Корень зла — страница 24 из 45

«Но что это? Стучат?.. Кто-то стучится?.. В двери стучится? Нет, это так — почудилось».

И Филарет перекрестился, стараясь отогнать от себя бесовское мечтание.

Но стук в двери повторился… И чей-то голос что-то проговорил невнятно, глухо.

— Кто бы это мог быть? В такую пору, в такую вьюгу… Кто там? — окликнул Филарет, подступая к двери.

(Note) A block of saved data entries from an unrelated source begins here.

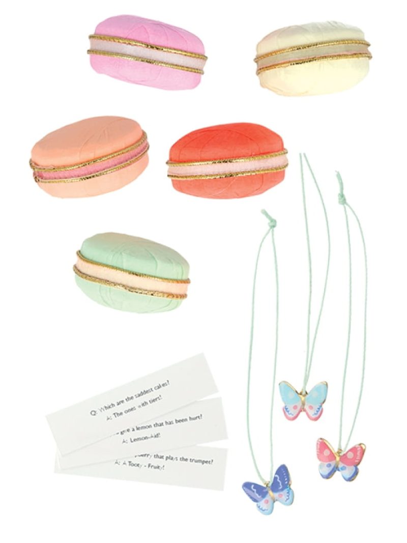 Κάθε macaron περιλαμβάνει 1 γούρι, 2 αυτοκόλλητα, 1 χάρτινο καπελάκι, 1 βραχιόλι και 1 αστείο.
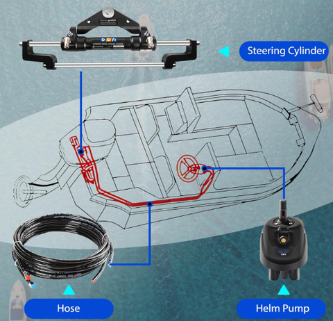 Bộ Lái Thuỷ Lực Cho Máy Gắn Ngoài (Yamaha, Suzuki, Mercury đều được) dưới 150HP, đầy đủ phụ kiện
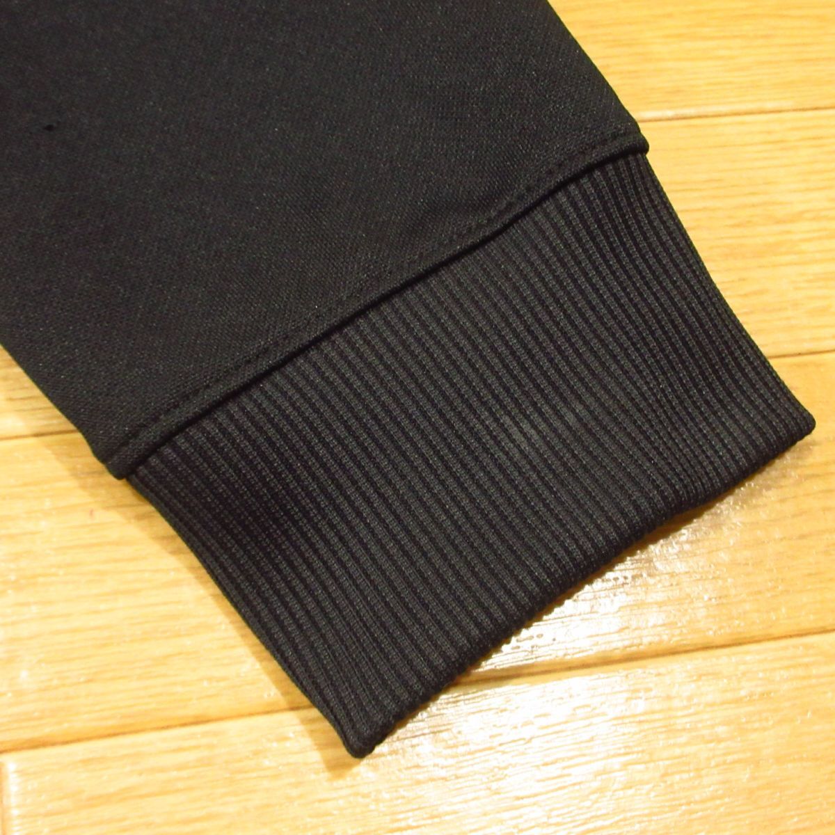 ●上:ジャージ素材・英記名刺繍あり(テープ部)。
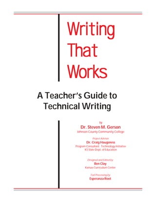 This document provides a rationale for teaching technical writing in schools. It defines technical writing as communication written for business and industry, focusing on products and services. The document notes that technical writing skills are important for students' future careers, as most writing jobs will involve memos, letters, reports and other technical documents rather than essays. It compares technical writing to essays and other types of writing, noting the differences in style, organization and development. Finally, it discusses five key components of writing that are important for both technical writing and essays: grammar, organization, development, document design and style.
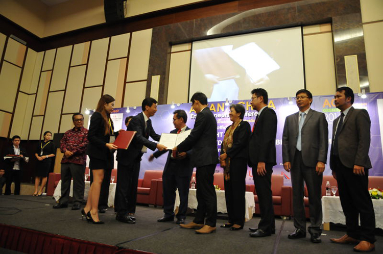 本次大會由中國東盟中心參與主辦,特邀我市海促會和APEC協會參加,來自中國和東盟有關國家的近500名代表參會。陸金龍會長作為大會邀請的VIP嘉賓在前排就座,并作為7名業務交流代表之一在大會上發言。他著重介紹了海促會的性質、宗旨和成立以來在海外市場拓展方面的工作成效,以及參會主要企業特別是江蘇華建的基本情況。他強調說,當下是聯盟抱團、合作雙贏的時代,揚州海促會和APEC協會所屬成員單位希望與國際國內理念同頻的優秀企業,深化在投資、開發、施工等領域的戰略合作,推動優勢資源互補,強強聯合,互生共贏。陸會長還代表海促會與馬來西亞砂拉越企業家協會簽署了合作諒解備忘錄。在參展展位現場,來自馬來西亞、泰國、柬埔寨等東盟國家的政府和企業界許多代表,都對揚州企業代表團的實力感興趣,紛紛駐足停留、索取資料、洽商合作意向,不到半天,各個企業所帶資料就被索要一空,會議間隙、用餐時都有主動過來洽商合作的會議代表。
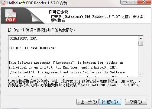 3.双击打开,进入海海pdf阅读器软件界面,选择安装语言,点击OK
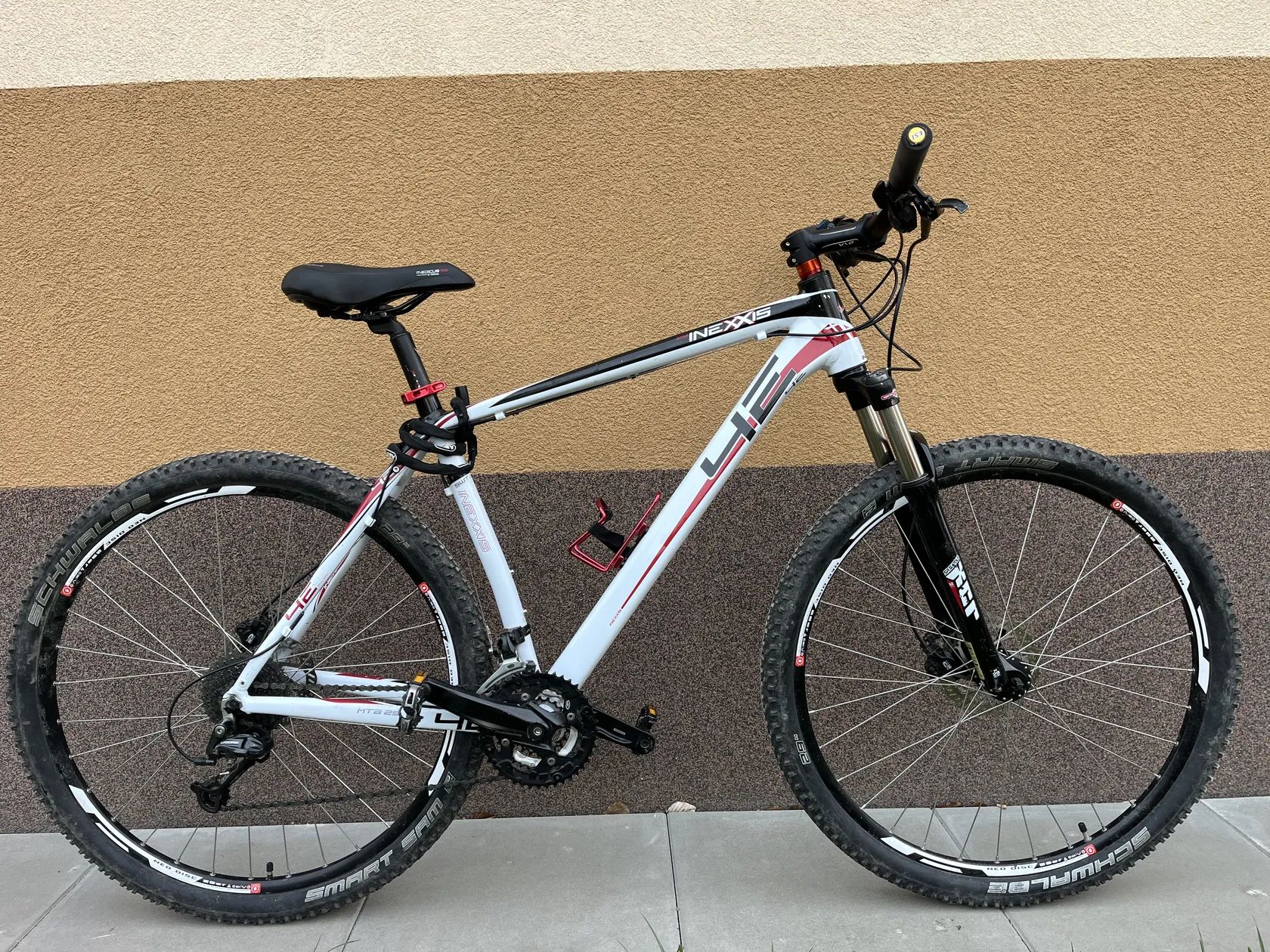 Prodám horské kolo postavené na kvalitním rámu české značky 4Ever (technologie Frame Innovation Technology). Kolo je na velkých 29" kolech, což zajišťuje skvělou stabilitu a rychlost. Technické parametry: Rám: INEXXIS (by 4Ever), materiál Aluminium 6061 (odlehčený, technologie HTB) Kola: 29" s dvoukomorovými ráfky (pro kotoučové brzdy) Pláště: Schwalbe Smart Sam (univerzální vzorek do terénu i na silnici) Vidlice: SR Suntour XCR 29" se zamykáním z řídítek (Remote Lockout) Brzdy: Hydraulické kotoučové Shimano (minerální olej) Řazení: Shimano Alivio (3x9 nebo 3x10 převodů dle aktuálního počtu koleček) Přehazovačka: Shimano Deore (přesné a spolehlivé řazení) Kliky: Shimano (systém Octalink nebo Hollowtech) Představec/Řídítka: DNA (originální komponenty 4Ever) Sedlo: Selle Royal / Inexxis Doplňky v ceně: Držák na lahev (červený elox) Rychloupínák sedlovky (červený elox) Pohodlné gripy Stav: Kolo je plně funkční, má drobné oděrky odpovídající běžnému používání. Ideální stroj na rekreační ježdění, cyklostezky a lehký terén.
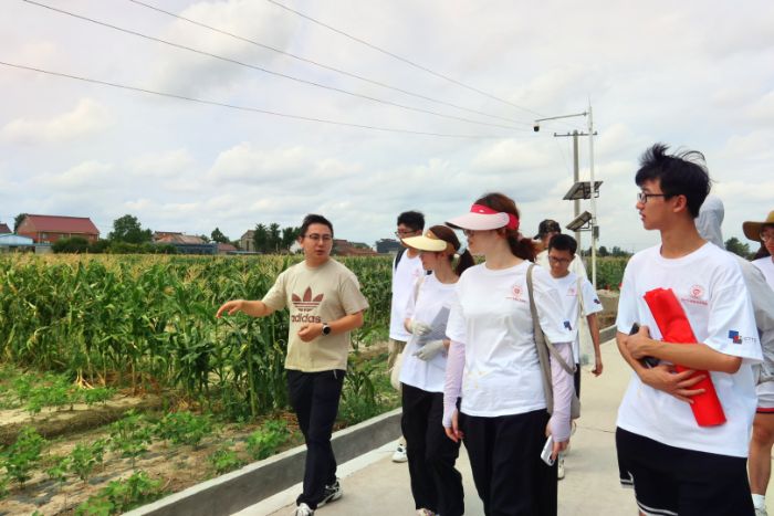 圖為實踐團(tuán)隊成員與白蒲鎮(zhèn)錢園村、合興村黨總支第一書記的合影。翟書暢供圖
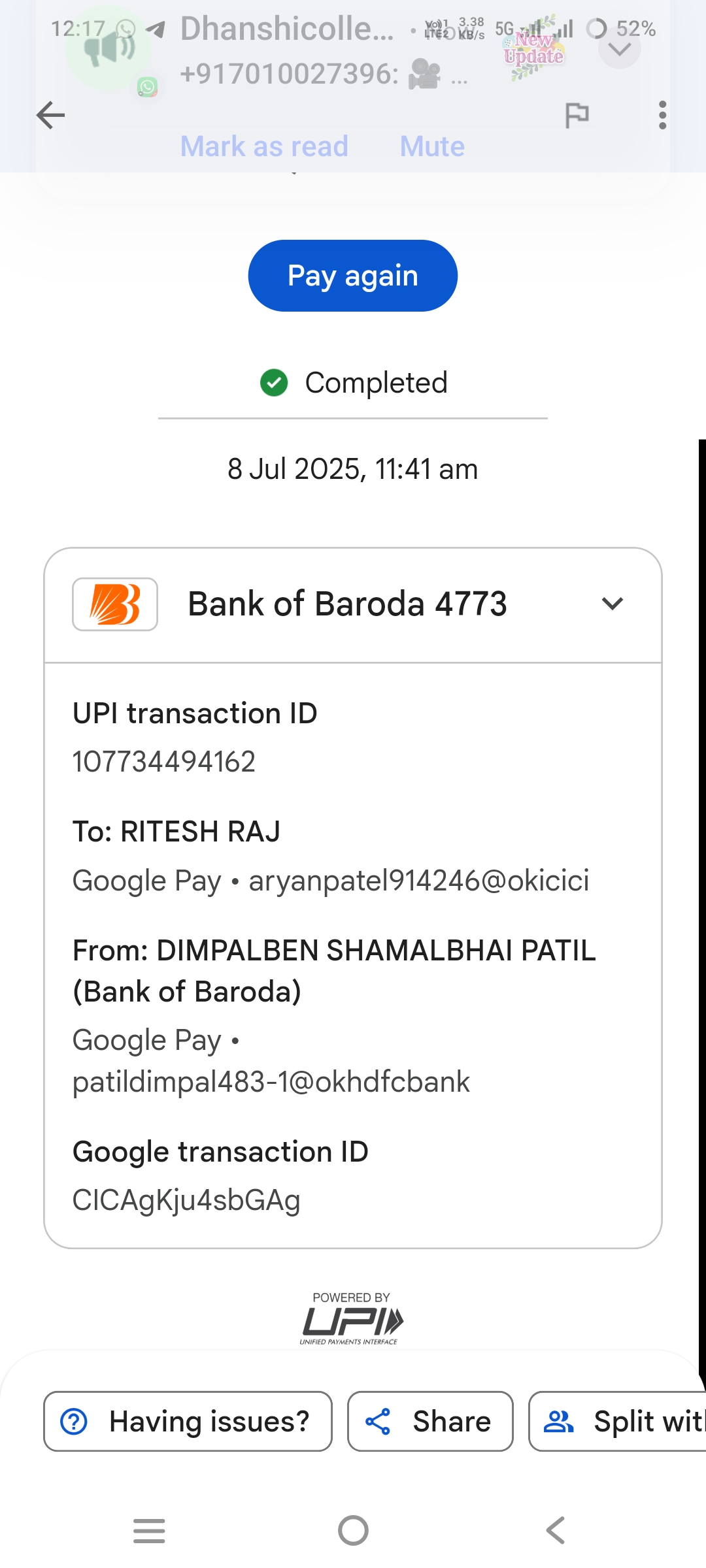 Galti se payment ho gya hai upi transaction se please vapse chiye hame upar Jo upi hai uspe esa Kiya hai to please
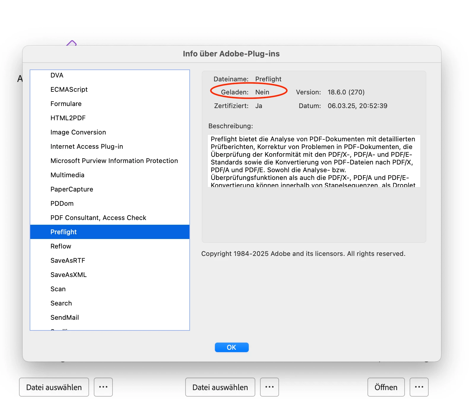 Wenn ich bei meinem Mac unter Acrobat > Info über Adobe-Plug-ins schaue, sehe ich, dass manche Plugins wohl auch nicht geladen wurden. Ich sehe aber niergends eine Option, um diese herunterzuladen. Habt ihr eine Idee, was ich tun kann?

И явственно услышал, как кто-то произнес дрожащим голосом:

— Боярин! Отвори, Христа ради!

Филарет вздрогнул от этих слов и от этого голоса, который почему-то показался ему знакомым. Он рванул дверь сильной рукой и тотчас отшатнулся от порога, сам не постигая, что перед ним происходит.

Из сеней, тяжело и медленно переступая через порог, вошел в келью кто-то, закутанный в оленью шубу и до того запорошенный снегом, что его скорее можно было принять за привидение, чем за живого человека.

— Кто ты? Кто ты? С нами крестная сила! — воскликнул Филарет, осеняя себя крестным знамением.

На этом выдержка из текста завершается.